Your instructions: The lines below from the one with "キリコの形にかたどったしおり" up to and including the one with "Gây sốc với" are what you should set down, exactly and without pictures.
══ Data to process
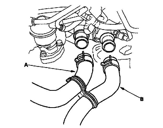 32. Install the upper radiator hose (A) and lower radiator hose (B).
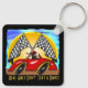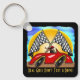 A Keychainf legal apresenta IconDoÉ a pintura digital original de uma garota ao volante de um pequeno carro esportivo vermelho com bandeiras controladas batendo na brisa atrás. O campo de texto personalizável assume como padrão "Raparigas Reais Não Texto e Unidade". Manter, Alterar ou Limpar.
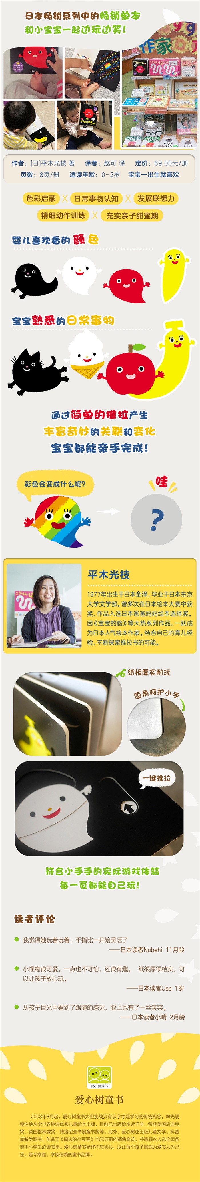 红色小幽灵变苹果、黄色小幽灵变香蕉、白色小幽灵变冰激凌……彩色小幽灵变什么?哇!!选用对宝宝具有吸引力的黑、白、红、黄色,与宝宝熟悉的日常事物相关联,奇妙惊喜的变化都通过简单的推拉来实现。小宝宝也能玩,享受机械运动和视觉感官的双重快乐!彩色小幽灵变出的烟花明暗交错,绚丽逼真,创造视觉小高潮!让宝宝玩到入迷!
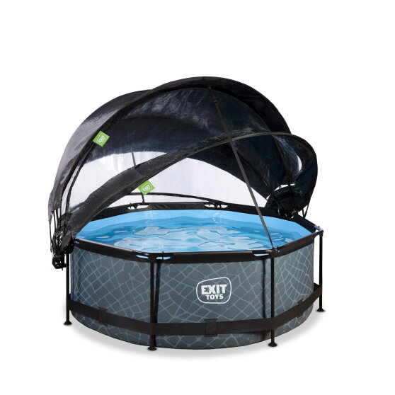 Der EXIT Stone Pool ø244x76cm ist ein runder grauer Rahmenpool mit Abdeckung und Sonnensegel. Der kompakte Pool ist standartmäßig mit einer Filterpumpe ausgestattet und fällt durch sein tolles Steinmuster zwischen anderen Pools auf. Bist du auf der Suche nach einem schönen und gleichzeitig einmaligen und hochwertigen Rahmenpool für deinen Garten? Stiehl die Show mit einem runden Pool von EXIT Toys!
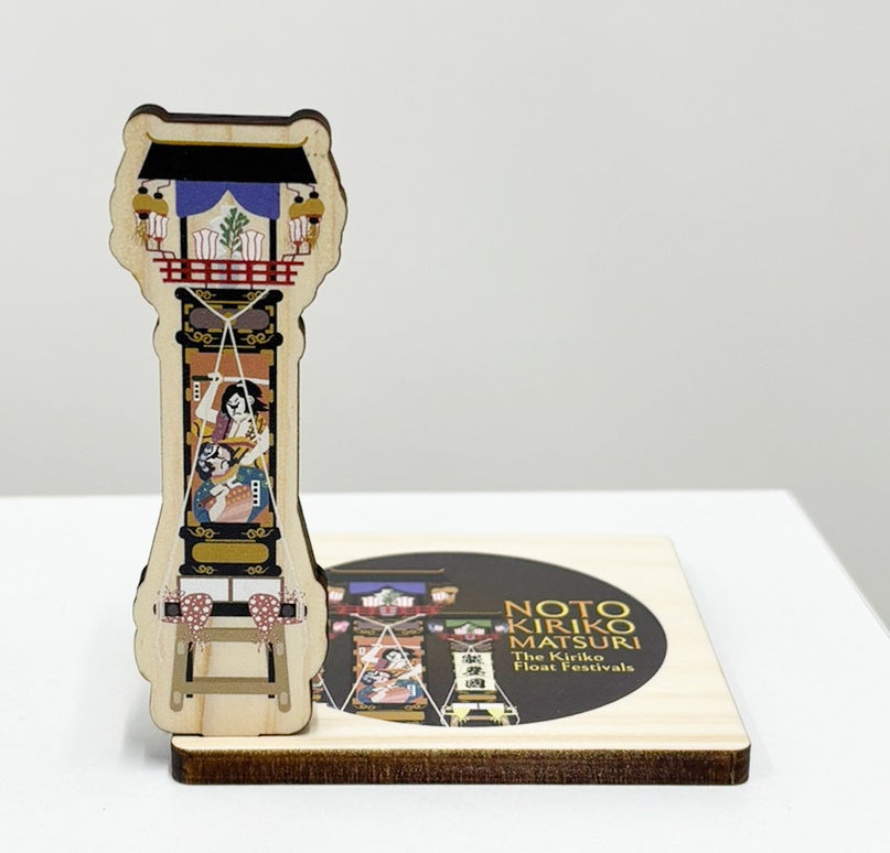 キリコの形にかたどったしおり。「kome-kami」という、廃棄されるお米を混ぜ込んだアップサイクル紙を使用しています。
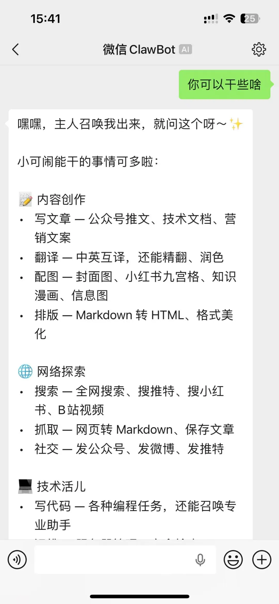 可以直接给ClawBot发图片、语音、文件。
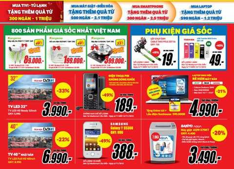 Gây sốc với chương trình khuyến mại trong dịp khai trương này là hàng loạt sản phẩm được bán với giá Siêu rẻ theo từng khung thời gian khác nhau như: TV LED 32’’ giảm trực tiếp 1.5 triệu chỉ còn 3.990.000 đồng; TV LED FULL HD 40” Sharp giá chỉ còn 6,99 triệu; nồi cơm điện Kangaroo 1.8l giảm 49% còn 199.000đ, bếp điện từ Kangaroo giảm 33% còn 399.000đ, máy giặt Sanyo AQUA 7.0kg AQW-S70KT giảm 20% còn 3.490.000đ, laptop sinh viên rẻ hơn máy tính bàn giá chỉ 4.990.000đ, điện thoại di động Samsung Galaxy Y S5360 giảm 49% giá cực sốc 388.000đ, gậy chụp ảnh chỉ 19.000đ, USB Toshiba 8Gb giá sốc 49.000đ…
════
══ Data to process
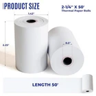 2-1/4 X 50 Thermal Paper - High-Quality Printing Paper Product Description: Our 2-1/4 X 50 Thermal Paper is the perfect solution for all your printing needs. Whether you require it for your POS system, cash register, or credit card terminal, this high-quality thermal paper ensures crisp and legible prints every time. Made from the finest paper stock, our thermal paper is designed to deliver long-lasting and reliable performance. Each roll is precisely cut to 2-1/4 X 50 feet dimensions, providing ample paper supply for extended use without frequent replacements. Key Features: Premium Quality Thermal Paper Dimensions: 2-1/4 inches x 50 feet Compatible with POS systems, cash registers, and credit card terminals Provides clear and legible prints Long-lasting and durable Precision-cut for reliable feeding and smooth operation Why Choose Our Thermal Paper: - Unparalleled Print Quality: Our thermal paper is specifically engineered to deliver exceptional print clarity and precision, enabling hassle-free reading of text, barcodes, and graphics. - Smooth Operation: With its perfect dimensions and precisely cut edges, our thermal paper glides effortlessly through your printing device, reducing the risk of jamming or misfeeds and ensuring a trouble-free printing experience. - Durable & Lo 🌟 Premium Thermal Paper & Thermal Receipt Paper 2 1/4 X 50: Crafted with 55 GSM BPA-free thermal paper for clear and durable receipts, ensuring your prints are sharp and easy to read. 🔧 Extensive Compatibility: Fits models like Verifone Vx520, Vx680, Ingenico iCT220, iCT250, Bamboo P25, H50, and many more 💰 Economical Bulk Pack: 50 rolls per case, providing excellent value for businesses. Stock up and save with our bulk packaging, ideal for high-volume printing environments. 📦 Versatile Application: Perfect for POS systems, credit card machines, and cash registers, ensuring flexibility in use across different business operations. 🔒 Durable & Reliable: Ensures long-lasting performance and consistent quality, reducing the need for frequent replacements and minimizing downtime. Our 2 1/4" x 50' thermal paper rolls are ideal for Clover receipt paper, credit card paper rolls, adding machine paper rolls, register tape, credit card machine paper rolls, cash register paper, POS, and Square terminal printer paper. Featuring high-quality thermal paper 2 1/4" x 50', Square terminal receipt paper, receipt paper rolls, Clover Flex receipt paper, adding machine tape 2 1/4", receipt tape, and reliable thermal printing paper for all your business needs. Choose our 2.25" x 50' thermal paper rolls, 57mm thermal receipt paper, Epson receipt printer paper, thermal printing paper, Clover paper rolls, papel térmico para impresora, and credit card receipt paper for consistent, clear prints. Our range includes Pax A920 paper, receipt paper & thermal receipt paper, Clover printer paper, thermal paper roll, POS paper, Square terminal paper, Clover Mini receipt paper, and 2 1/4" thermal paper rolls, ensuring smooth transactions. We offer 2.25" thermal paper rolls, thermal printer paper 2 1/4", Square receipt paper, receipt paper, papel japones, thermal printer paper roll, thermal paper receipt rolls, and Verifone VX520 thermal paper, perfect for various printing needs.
════
Solution to this exercise:
 キリコの形にかたどったしおり。「kome-kami」という、廃棄されるお米を混ぜ込んだアップサイクル紙を使用しています。
 可以直接给ClawBot发图片、语音、文件。
 Gây sốc với chương trình khuyến mại trong dịp khai trương này là hàng loạt sản phẩm được bán với giá Siêu rẻ theo từng khung thời gian khác nhau như: TV LED 32’’ giảm trực tiếp 1.5 triệu chỉ còn 3.990.000 đồng; TV LED FULL HD 40” Sharp giá chỉ còn 6,99 triệu; nồi cơm điện Kangaroo 1.8l giảm 49% còn 199.000đ, bếp điện từ Kangaroo giảm 33% còn 399.000đ, máy giặt Sanyo AQUA 7.0kg AQW-S70KT giảm 20% còn 3.490.000đ, laptop sinh viên rẻ hơn máy tính bàn giá chỉ 4.990.000đ, điện thoại di động Samsung Galaxy Y S5360 giảm 49% giá cực sốc 388.000đ, gậy chụp ảnh chỉ 19.000đ, USB Toshiba 8Gb giá sốc 49.000đ…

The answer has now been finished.